Dataset entries:

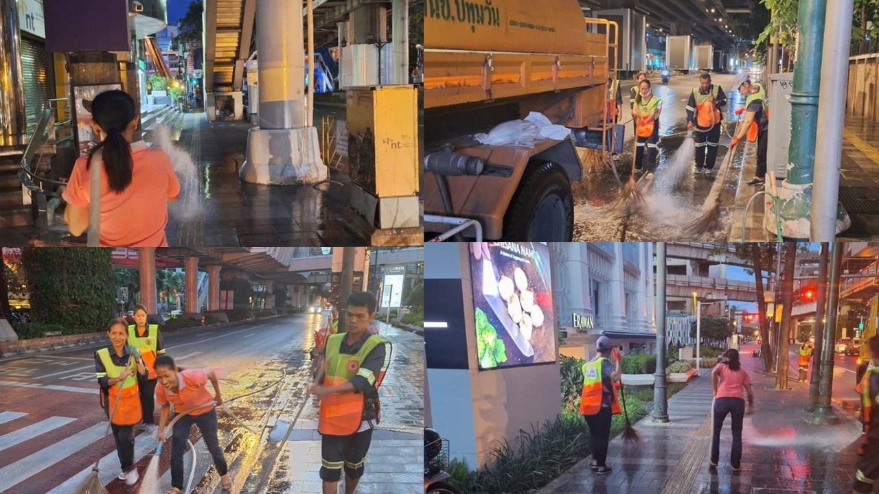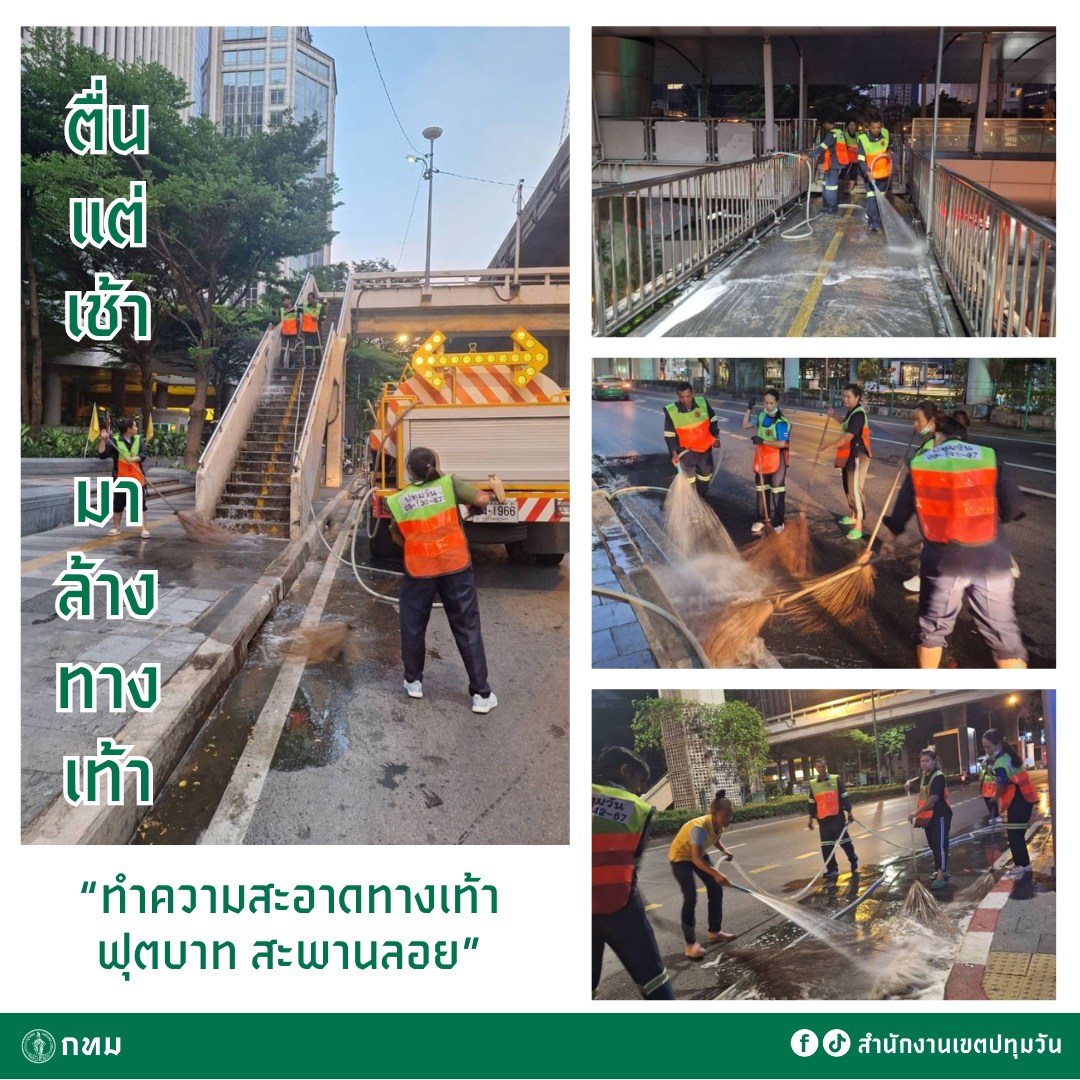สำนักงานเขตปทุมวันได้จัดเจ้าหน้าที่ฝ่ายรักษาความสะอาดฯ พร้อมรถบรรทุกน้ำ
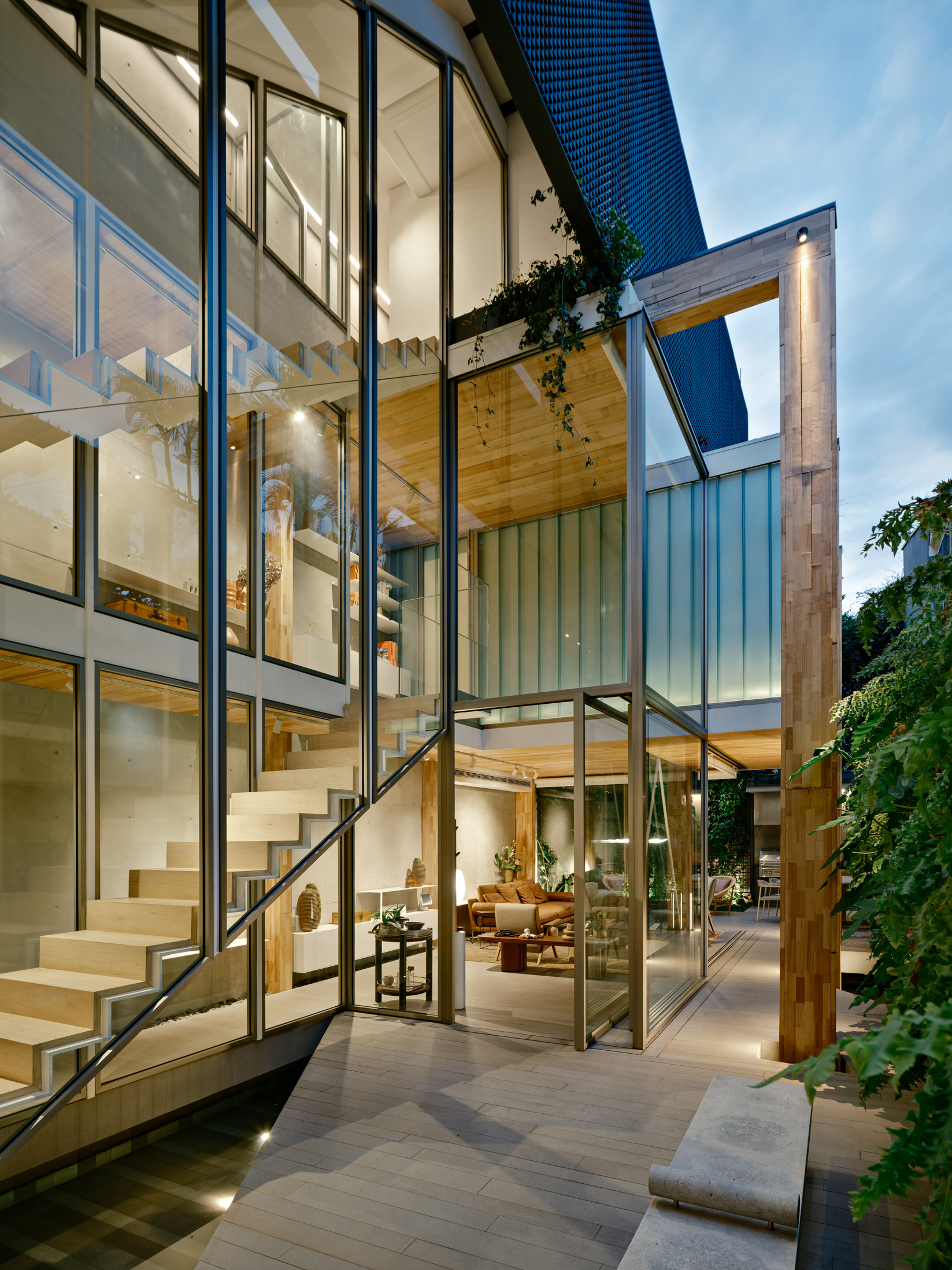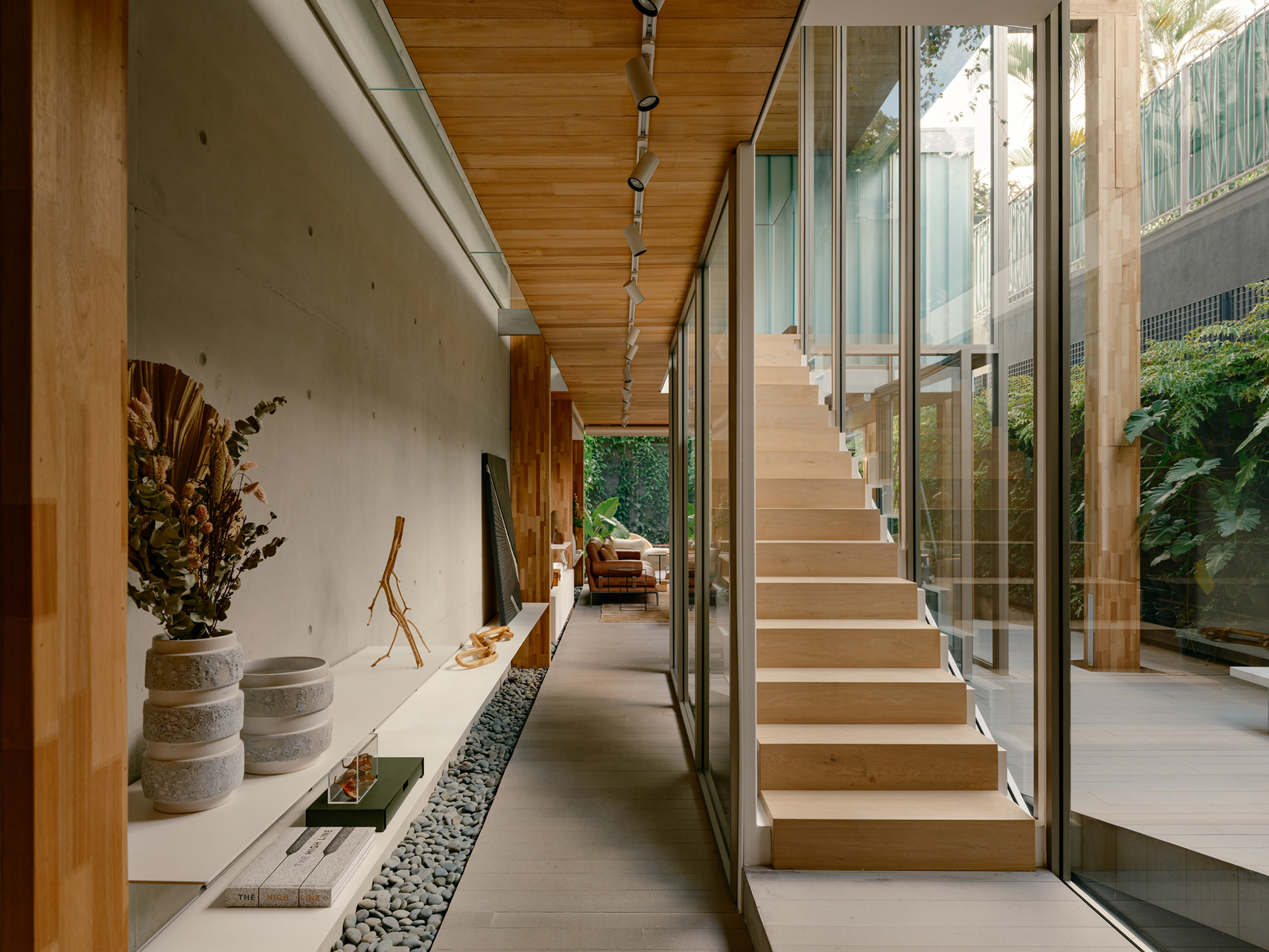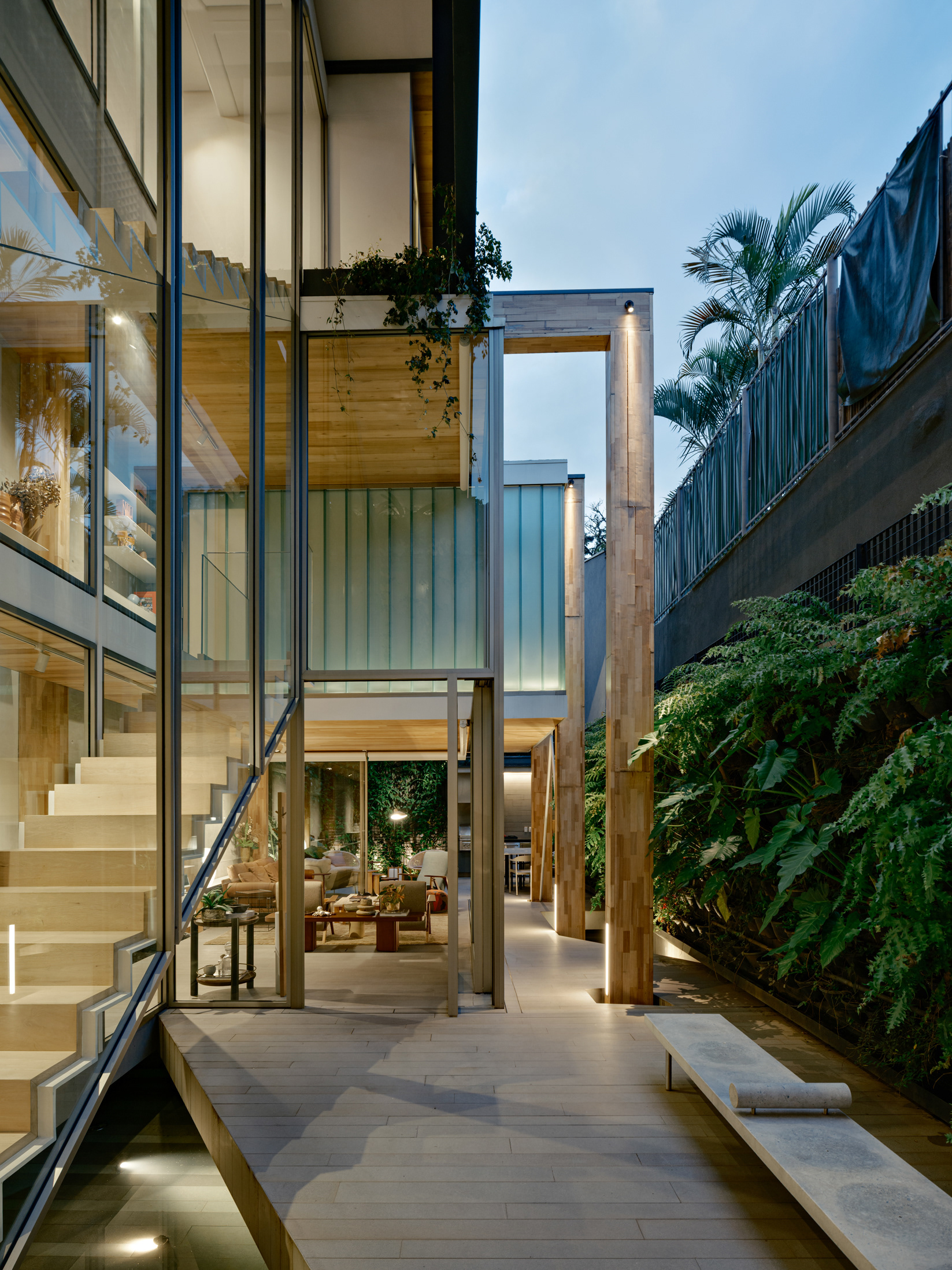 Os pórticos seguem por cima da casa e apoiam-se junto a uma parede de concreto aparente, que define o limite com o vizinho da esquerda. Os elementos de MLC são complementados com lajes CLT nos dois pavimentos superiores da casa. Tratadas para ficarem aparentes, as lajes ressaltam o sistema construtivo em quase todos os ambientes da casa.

==

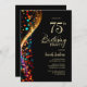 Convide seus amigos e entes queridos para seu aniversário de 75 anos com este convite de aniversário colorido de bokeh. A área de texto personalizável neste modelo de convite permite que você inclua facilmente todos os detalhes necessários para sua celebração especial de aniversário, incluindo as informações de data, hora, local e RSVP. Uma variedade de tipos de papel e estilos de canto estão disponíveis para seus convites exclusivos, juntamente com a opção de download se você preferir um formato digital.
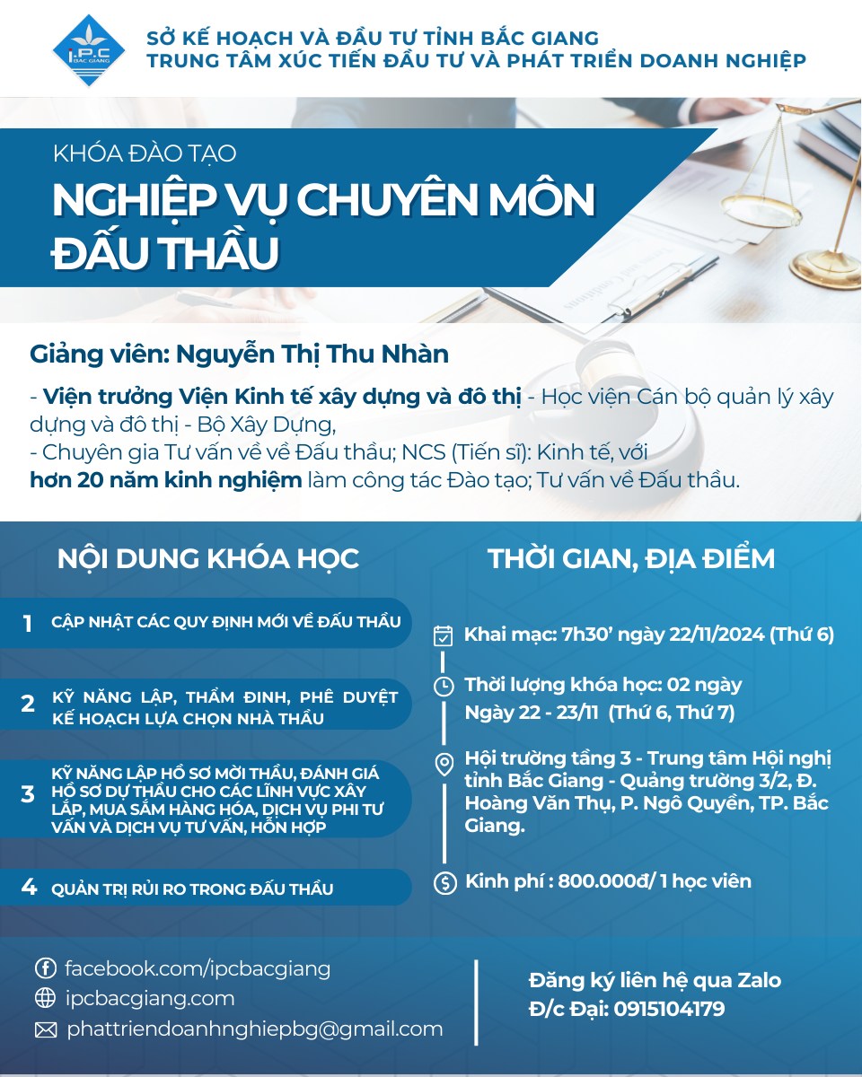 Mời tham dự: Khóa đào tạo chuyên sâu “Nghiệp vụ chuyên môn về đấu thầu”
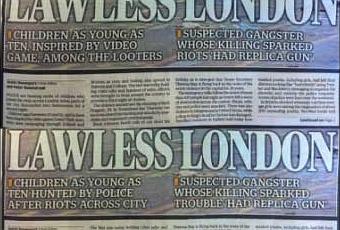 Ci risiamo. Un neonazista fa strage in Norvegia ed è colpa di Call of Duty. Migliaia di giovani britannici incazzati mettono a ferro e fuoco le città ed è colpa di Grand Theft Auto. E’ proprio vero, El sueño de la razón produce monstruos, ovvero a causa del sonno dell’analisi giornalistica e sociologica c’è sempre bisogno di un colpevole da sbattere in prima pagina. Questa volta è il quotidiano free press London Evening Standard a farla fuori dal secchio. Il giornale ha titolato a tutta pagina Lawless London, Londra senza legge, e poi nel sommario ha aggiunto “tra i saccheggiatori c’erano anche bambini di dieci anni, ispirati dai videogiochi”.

--

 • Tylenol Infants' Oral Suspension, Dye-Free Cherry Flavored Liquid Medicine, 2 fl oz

How to complete this task:
Using the listing above, restate exactly the range between the lines holding "สำนักงานเขตปทุ" and "Os pórticos seguem", inclusive, with pictures left out.

Finished task:
สำนักงานเขตปทุมวันได้จัดเจ้าหน้าที่ฝ่ายรักษาความสะอาดฯ พร้อมรถบรรทุกน้ำ
 Os pórticos seguem por cima da casa e apoiam-se junto a uma parede de concreto aparente, que define o limite com o vizinho da esquerda. Os elementos de MLC são complementados com lajes CLT nos dois pavimentos superiores da casa. Tratadas para ficarem aparentes, as lajes ressaltam o sistema construtivo em quase todos os ambientes da casa.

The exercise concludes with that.